### Work task
Exact copy, no pictures: return only the lines below from the line with "Forli Short Sleeve" up to and including the line with "Εννοείται πως όταν".

"""

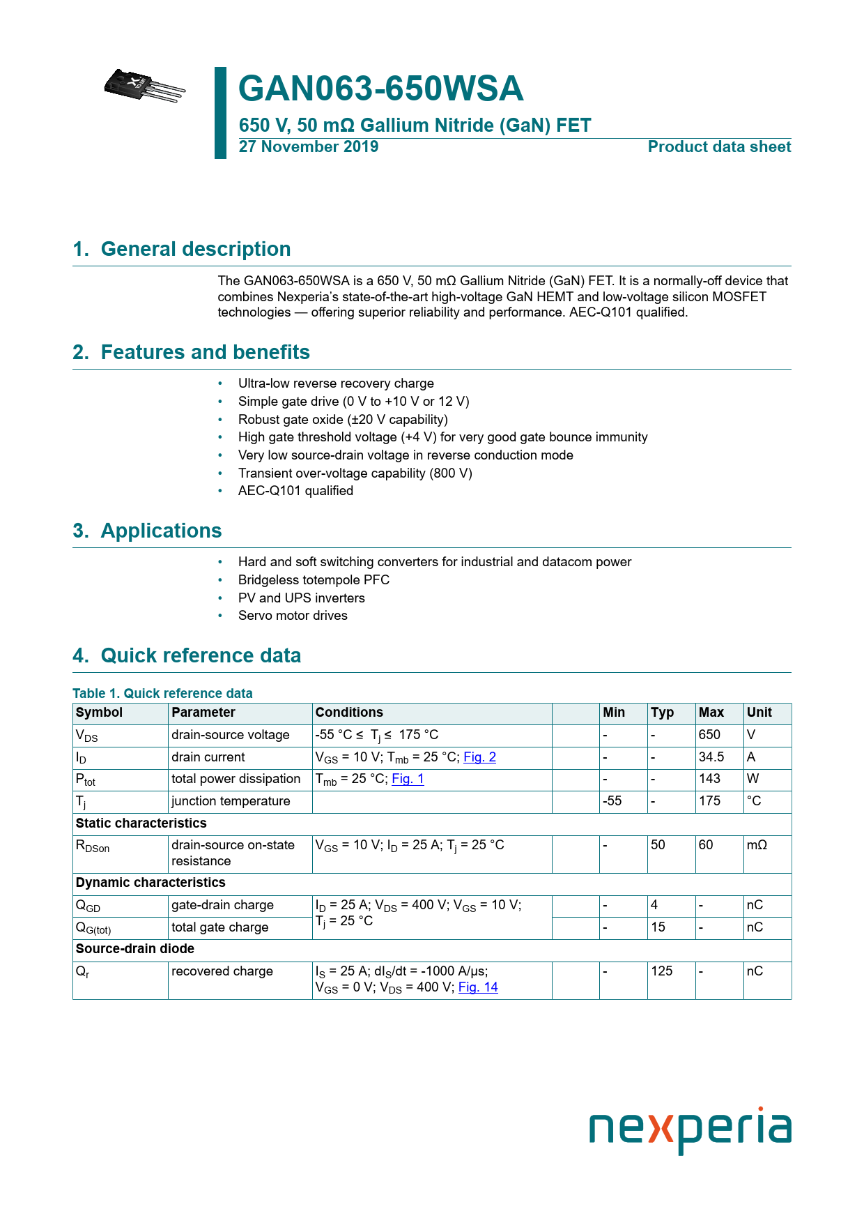 link to page 3 link to page 3 link to page 8 GAN063-650WSA650 V, 50 mΩ Gal ium Nitride (GaN) FET27 November 2019Product data sheet1. General description The GAN063-650WSA is a 650 V, 50 mΩ Gal ium Nitride (GaN) FET. It is a normal y-of device that combines Nexperia’s state-of-the-art high-voltage GaN HEMT and low-voltage silicon MOSFET technologies — of ering superior reliability and performance. AEC-Q101 qualified. 2. Features and benefits • Ultra-low reverse recovery charge • Simple gate drive (0 V to +10 V or 12 V) • Robust gate oxide (±20 V capability) • High gate threshold voltage (+4 V) for very good gate bounce immunity • Very low source-drain voltage in reverse conduction mode • Transient over-voltage capability (800 V) • AEC-Q101 qualified 3. Applications • Hard and soft switching converters for industrial and datacom power • Bridgeless totempole PFC • PV and UPS inverters • Servo motor drives 4. Quick reference data Table 1. Quick reference dataSymbolParameterConditionsMinTypMaxUnit VDS drain-source voltage -55 °C ≤ Tj ≤ 175 °C - - 650 V ID drain current VGS = 10 V; Tmb = 25 °C; Fig. 2 - - 34.5 A Ptot total power dissipation Tmb = 25 °C; Fig. 1 - - 143 W Tj junction temperature -55 - 175 °C Static characteristics RDSon drain-source on-state VGS = 10 V; ID = 25 A; Tj = 25 °C - 50 60 mΩ resistance Dynamic characteristics QGD gate-drain charge ID = 25 A; VDS = 400 V; VGS = 10 V; - 4 - nC Q T G(tot) total gate charge j = 25 °C - 15 - nC Source-drain diode Qr recovered charge IS = 25 A; dIS/dt = -1000 A/µs; - 125 - nC VGS = 0 V; VDS = 400 V; Fig. 14 Document Outline 1. General description 2. Features and benefits 3. Applications 4. Quick reference data 5. Pinning information 6. Ordering information 7. Marking 8. Limiting values 9. Thermal characteristics 10. Characteristics 11. Application information 12. Package outline 13. Legal information Contents
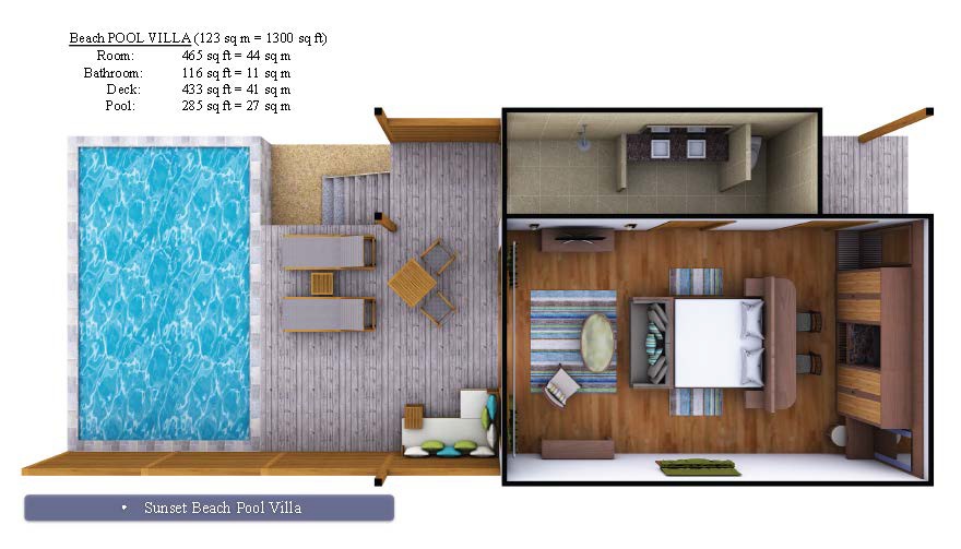 Площадь номера — 132 кв.м. Пляжные виллы с бассейном, расположены всего в нескольких шагах от песчаного пляжа и уютной лагуны с видами на закат. Состоят из спальни с большой двуспальной кроватью, гостиной зоны, ванной комнаты с тропическим душем, террасы с шезлонгами и бассейном.
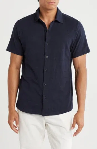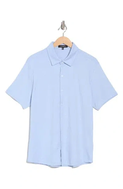 Forli Short Sleeve Cotton Knit Button-up Shirt In Blue
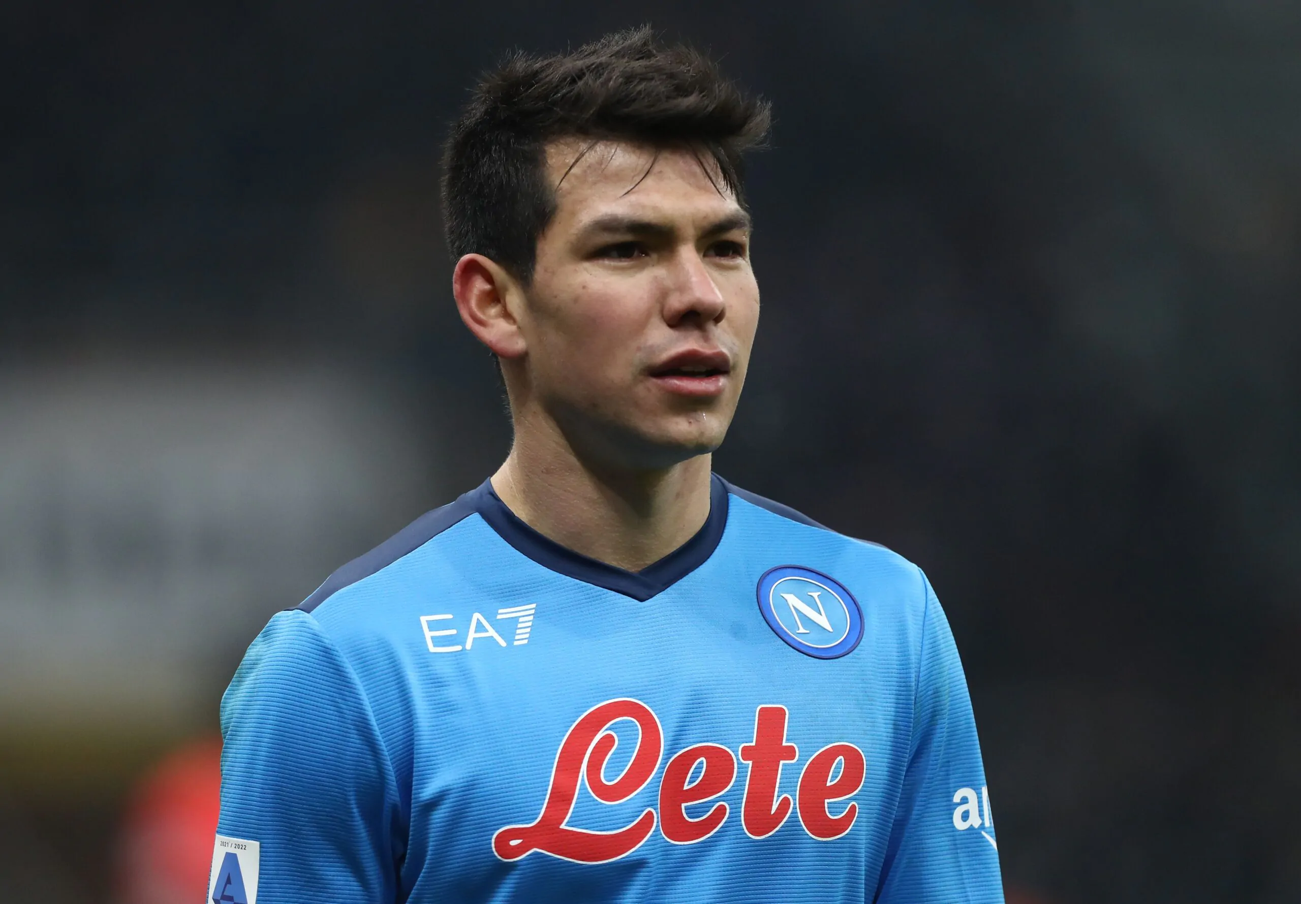 MILAN, ITALY - DECEMBER 19: Hirving Lozano of SSC Napoli looks on during the Serie A match between AC Milan and SSC Napoli at Stadio Giuseppe Meazza on December 19, 2021 in Milan, Italy. (Photo by Marco Luzzani/Getty Images)
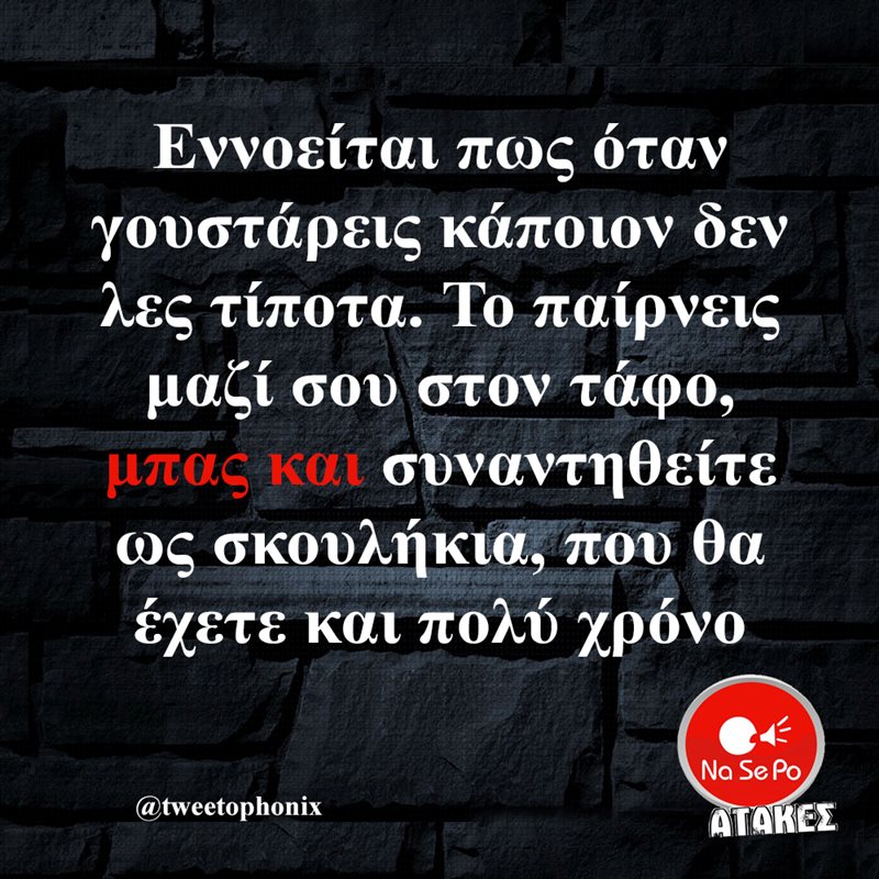 Εννοείται πως όταν γουστάρεις κάποιον δεν λες τίποτα. Το παίρνεις μαζί σου στον τάφο, μπας και συναντηθείτε ως σκουλήκια, που θα έχετε και πολύ χρόνο @tweetophonix
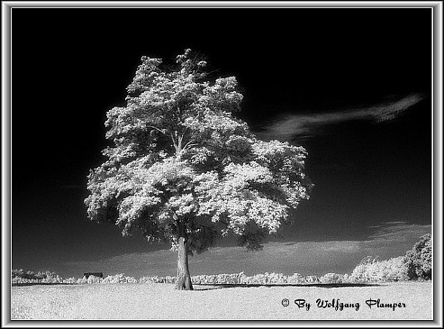 Baum im Infrarotlicht auf Kodak Hie. Besitzt man keinen geeichten Infrarotbelichtungsmesser, dann bleibt einem nur eine Belichtungsreihe übrig. Nach der Entwicklung sucht man sich die beste Aufnahme aus, das spart zwar kein Filmmaterial, bringt aber gute Ergebnisse. |
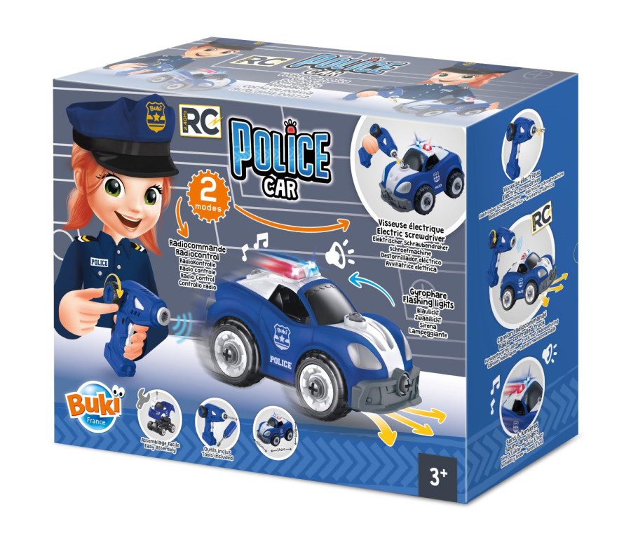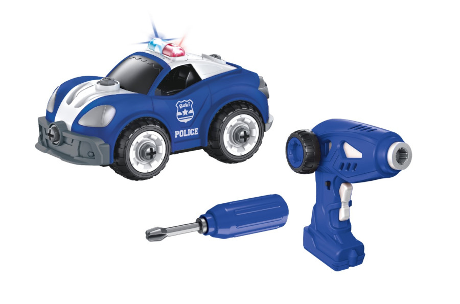 Šroubovací stavebnice Policejního auta na dálkové ovládání. Stavebnice pro šikovné kluky, kteří si vlastní hračku chtějí sestavit. Stavebnice obsahuje dvě varianty, které je možné střídat přestavěním autíčka. Součástí je elektrický šroubovák sloužící i jako dálkové ovládání. Autíčko může jezdit vpřed, vzad, vlevo a vpravo.
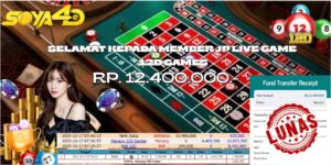 Selamat kepada User id : jef**** Telah berhasil mendapatkan kemenangan besar pada permainanLIVE GAME 12D Dengan kemenangan Sebesar Rp.12.400.000.-,Setelah mengisi formulir withdraw dengan kurung waktu hanya 1 – 10 menit pihak SOYA 4D sudah melakukan transfer kepada pemiliknya dan dana sudah masuk ke rekeNing id tersebut oleh pemenang. Bukti pembayaran yang kami berikan merupakan bukti pembayaran yang SAH / VALID yang langsung di dapatkan melalui tanda transfer transaksi berhasil dari Bank yang di tuju.
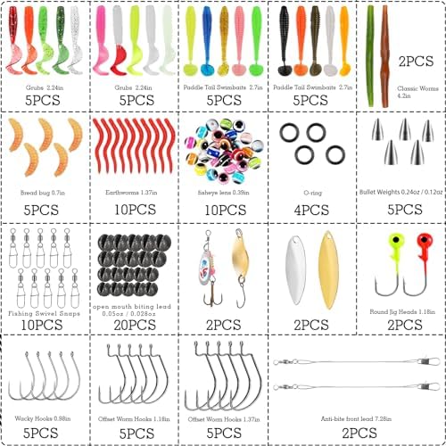 Versatile Fishing Lure Set: The Lure Set with Tackle Box contains almost every accessory including: 1 pencil, 1 minnow, 1 spinnerbait, 3 spoon baits, 37 soft baits and more. You’ll also receive 20 splits, 10 offset hooks, 5 wacky hooks, 2 jig heads, 5 weights and sinkers, and 26 other accessories. From common fishing lures to accessories, this fishing lure set is a complete set that is suitable for any angler fishing in any water in any season.
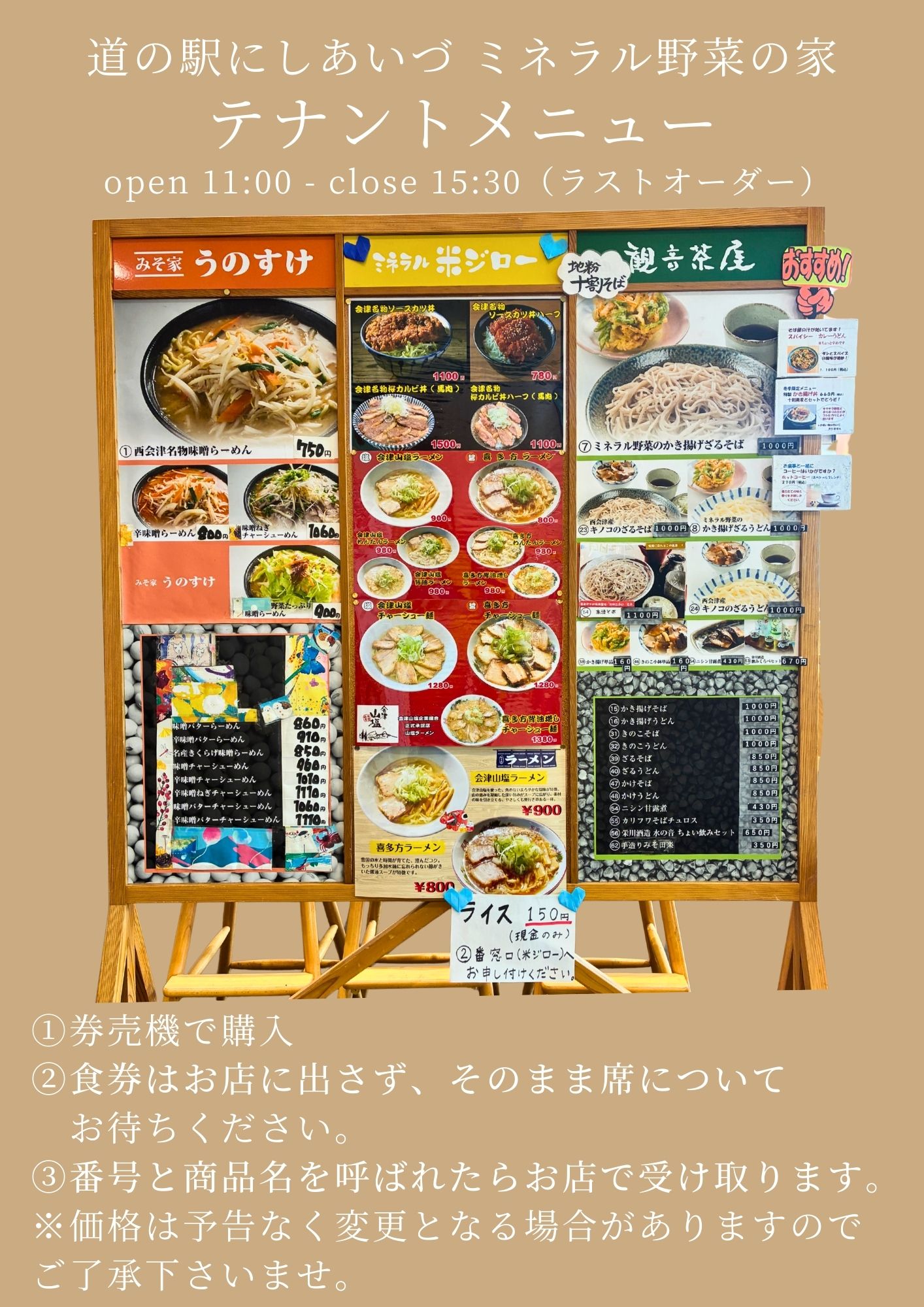 フードコート 11:00~15:30(ラストオーダー)
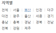 지역별 메뉴에서 저는 제2의 도시인 부산을 클릭해보도록 하겠습니다.
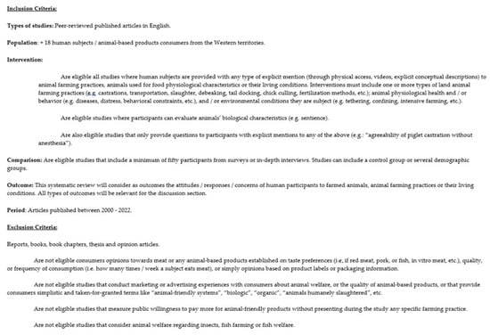 The eligibility criteria for this systematic review appears in detail in Figure 2. The principles that support our eligibility criteria are the following: (1) Studies must either provide participants, prior to experiments, with explicit information (pictures, videos or written information) about animals’ living conditions, the practices to which they are subject, their characteristics and their suffering; or (2) Studies pose questions to find out consumers’ awareness of, or agreeability to, animals’ sentience (animals’ biological and psychological characteristics), their living conditions, or farming practices. The reason for (1) is that only by providing reliable information about animals’ characteristics, their living conditions, and the practices to which they are subject can consumers truly understand the object of inquiry, i.e., animal suffering/welfare. The reason for (2) is that only by knowing consumers’ awareness of animal suffering and/or their understanding of animal biological and psychological characteristics is it possible to evaluate consumers’ attitudes and behavior towards reducing meat intake. In other words, attitudes in general, and willingness to limit meat consumption and actual dietary change, in particular, may depend on the type of information (vague and general vs. concrete and explicit) to which consumers are exposed.
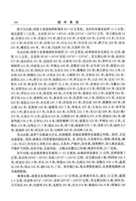 秦 望 山 脉 , 座 落 在 县 境 西 南 部 4.5~7公 里 处 , 由 西 南 向 东 北 , 最 长 15公 里 , 最 宽
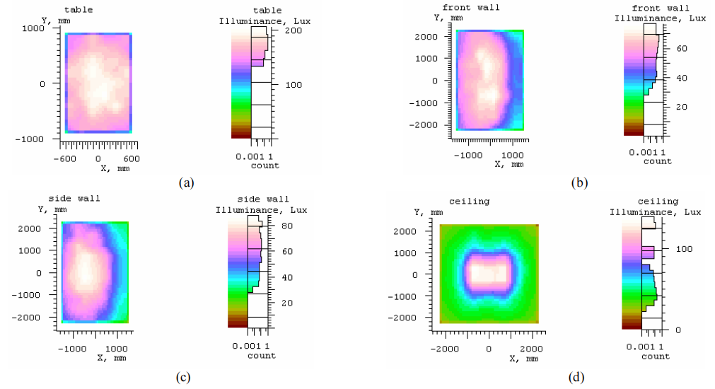 Figure 13: The illuminance distributions on the (a) table, (b) front wall, (c) side wall, and (d) ceiling.
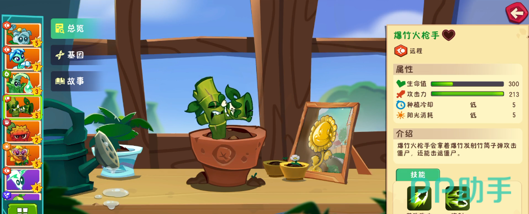拥有300点生命值,虽单次伤害不高,但攻击稳定性强。普通攻击以尖刺形式进行,技能“贯穿子弹”可向右侧一行发射一枚穿透两名僵尸的强化尖刺,伤害比基础攻击提升47%,适合布置在远程输出位,提供稳定的线性压制力。
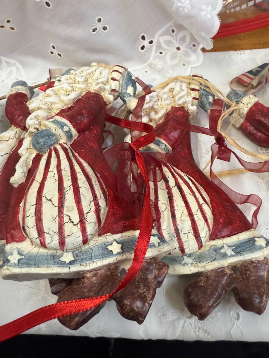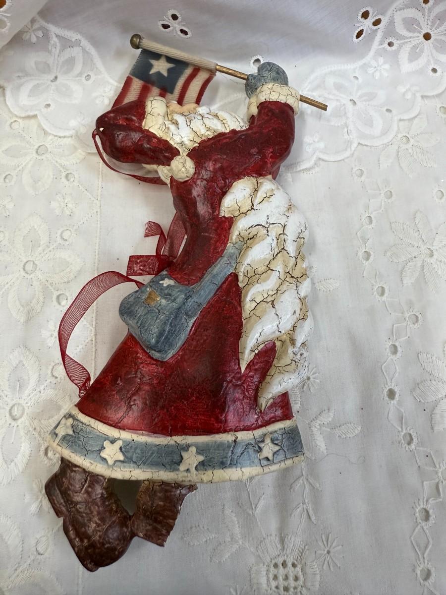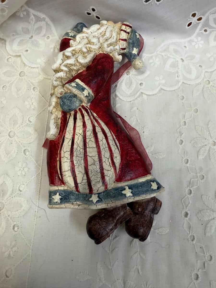 Embrace the spirit of patriotism this holiday season with this delightful lot of 4 America Santa ornaments. Each Santa figure is dressed in festive colors and embodies the charm of American traditions.
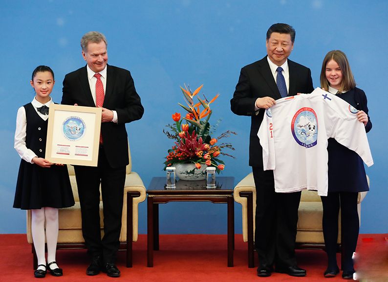 1月14日,中国国家主席习近平同芬兰总统尼尼斯托在北京共同出席“2019中芬冬季运动年”启动仪式。中芬两国少年儿童分别向两国元首赠送中芬冬季运动年标识和纪念品。

"""

### Answer section
 Forli Short Sleeve Cotton Knit Button-up Shirt In Blue
 MILAN, ITALY - DECEMBER 19: Hirving Lozano of SSC Napoli looks on during the Serie A match between AC Milan and SSC Napoli at Stadio Giuseppe Meazza on December 19, 2021 in Milan, Italy. (Photo by Marco Luzzani/Getty Images)
 Εννοείται πως όταν γουστάρεις κάποιον δεν λες τίποτα. Το παίρνεις μαζί σου στον τάφο, μπας και συναντηθείτε ως σκουλήκια, που θα έχετε και πολύ χρόνο @tweetophonix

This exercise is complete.